Unfortunately, it's a little more complicated than that. See

Arnold, B.C., & Shavelle, R.M. (1998). Joint confidence
sets for the mean and variance of a normal distribution.
American Statistician, 52, 133-140.

for a discussion of problems with just one group. Simultaneous
confidence regions for k groups would be messier. The question
would be "does the simultaneous region for all 2k parameters
(µ_1,sigma_1), i = 1...k, contain any points with all µ_i = µ and
all sigma_i = sigma?".

Ray Koopman, Oct 23, 2010

3. PavelKGuest

[snip]
Great, thanks for the pointer! Yes, this is exactly the question I'm
interested in.

I'm glad you've been able to make some sense out of my question. In
fact, I'm a logician and in logic we always work with sets of
statements and ask whether they are consistent, i.e. whether there
exists a model which satisfies all of them.
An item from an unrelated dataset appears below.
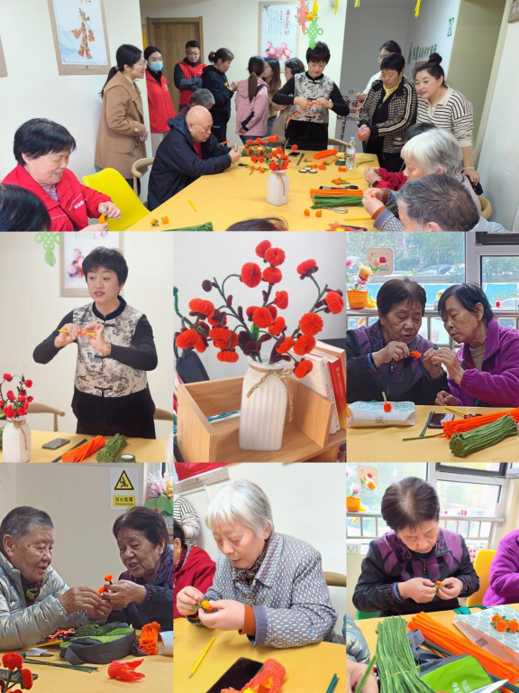 培训现场,老年大学的老师首先向组员展示本节课“柿柿如意”手工制作成品,让大家了解到此次课程主要学习的内容。授课过程中,老师耐心细致地讲解,从手工制作的基本技巧到复杂工艺的要点,都毫无保留地传授。社工及时进行引导辅助,老人们认真聆听,当场实践,即使是那些手指关节不是特别灵活的老人,也全神贯注地投入其中,大家齐聚一堂相互学习,相互帮助,社区里充满了浓厚的文化氛围和温馨的气息。最终,在大家共同协作下,一束束圆润诱人的小柿子挂满枝头,大家笑逐颜开,纷纷表示这样的活动非常有意义,他们因为手工爱好聚在一起,再请专业老师进行指点,更加增强了他们活动的创造力,他们要好好精进技能,争取让这些手工艺品成为了社区对外交流的特殊名片,展示出路劲东城社区老年人积极向上的精神风貌。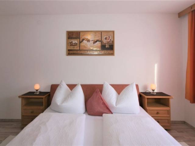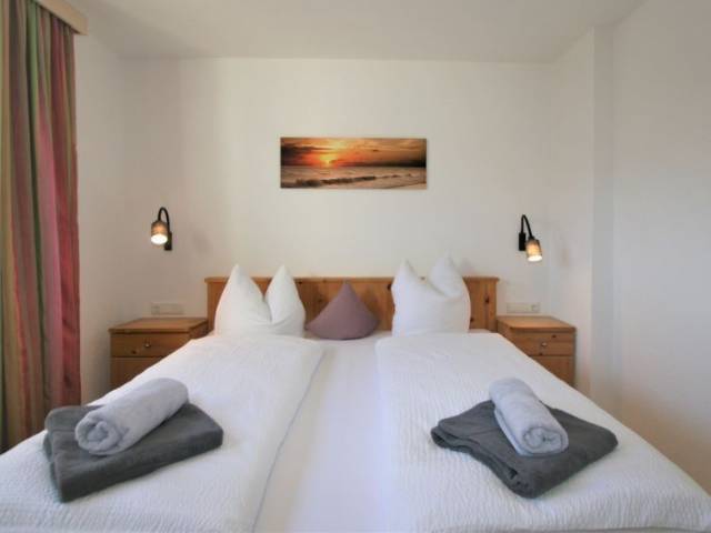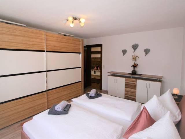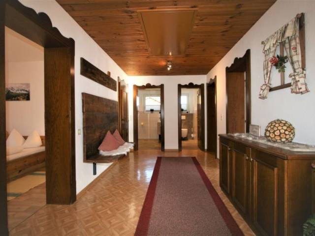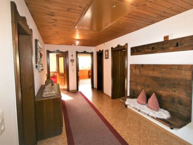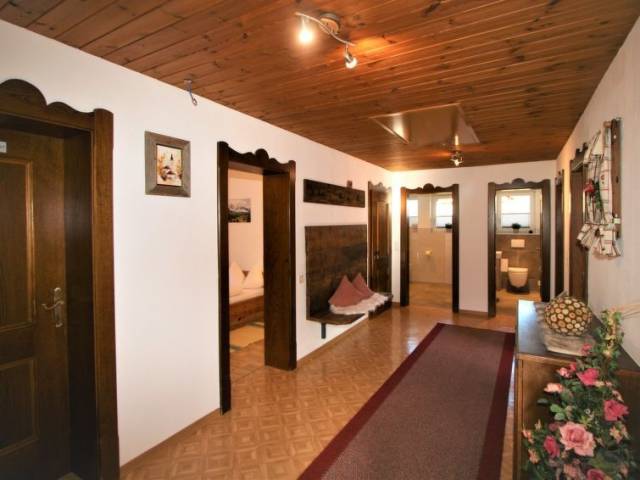 "Märzenblick", apartamento de 4 estancias 110 m2. Planta superior: 2 dorm. dobles. 1 dorm. doble con TV satélite. Salón con rincón-comedor y TV satélite. Cocina (4 placas de vitrocerámica, tostadora, hervidor de agua eléctrico, microondas, cafetera eléctrica) con mesa de comedor. Ducha/WC, WC separado. Calefacción por suelo. 2 balcones. Muebles de balcón. Vista panorámica espléndida a las montañas.

This is why I wondered if
a similar approach, although non-standard, could work with statistics
(where statements are descriptions of sample distributions).

Pavel

PavelK, Oct 23, 2010
4. PavelKGuest

Is there a good discussion of the difference between the two views? It
seems that there can also be a situation when a test would confirm the
hypothesis that µ_1 = µ_2, while this point lies outside of the
simultaneous confidence region (as defined above). Or not?

Also, am I right that the confidence region can be defined for any
which distributions there're exact analytic confidence regions?

Thanks again,
Pavel

PavelK, Oct 25, 2010
5. Ray KoopmanGuest

Not that I know of, although I don't expect that I'm the first one
to complain about the situation. The basis of my objection is that
testing H: µ_1 = µ_2 is not the same as testing H: (µ_1,µ_2) = (x,x)
in which x has a particular value. There is an established but less
well known procedure for testing the latter hypothesis, and to me
the results of those tests have a higher logical priority than the
results of tests of the global H: µ_1 = µ_2, which should be done
only if the particular values of µ_1 and µ_2 are of no interest,
if only their difference matters.
For this simple problem, the simultaneous confidence region is an
ellipse, centered at (m_1,m_2) with axes parallel to the x_1 and x_2
axes. The corresponding region based on the test of H: µ_1 = µ_2 is
a linear band that runs parallel to the line x_1 = x_2, extends to
infinity in the (+,+) and (-,-) directions, and contains (m_1,m_2)
midway between its edges. So a putative (µ_1,µ_2) can be in either,
neither, or both regions.

However, neither procedure can *confirm* µ_1 = µ_2 to the exclusion
of all other possibilities. Such confirmation would occur only if
the ellipse shrank to a single point (x,x), or the band narrowed to
become the line x_1 = x_2.
Well, I suppose you could talk about a confidence region for an
entire distribution, but it's more usual to talk about a confidence
region for the parameters of the distribution. (If there is only one
parameter then it's a confidence interval, a 1-dimensional region.)

The simultaneous confidence region for several parameters
(µ_1,µ_2,...) is defined as the set of all points (x_1,x_2,...) that
would not be rejected by a test of H: (µ_1,µ_2,...) = (x_1,x_2,...).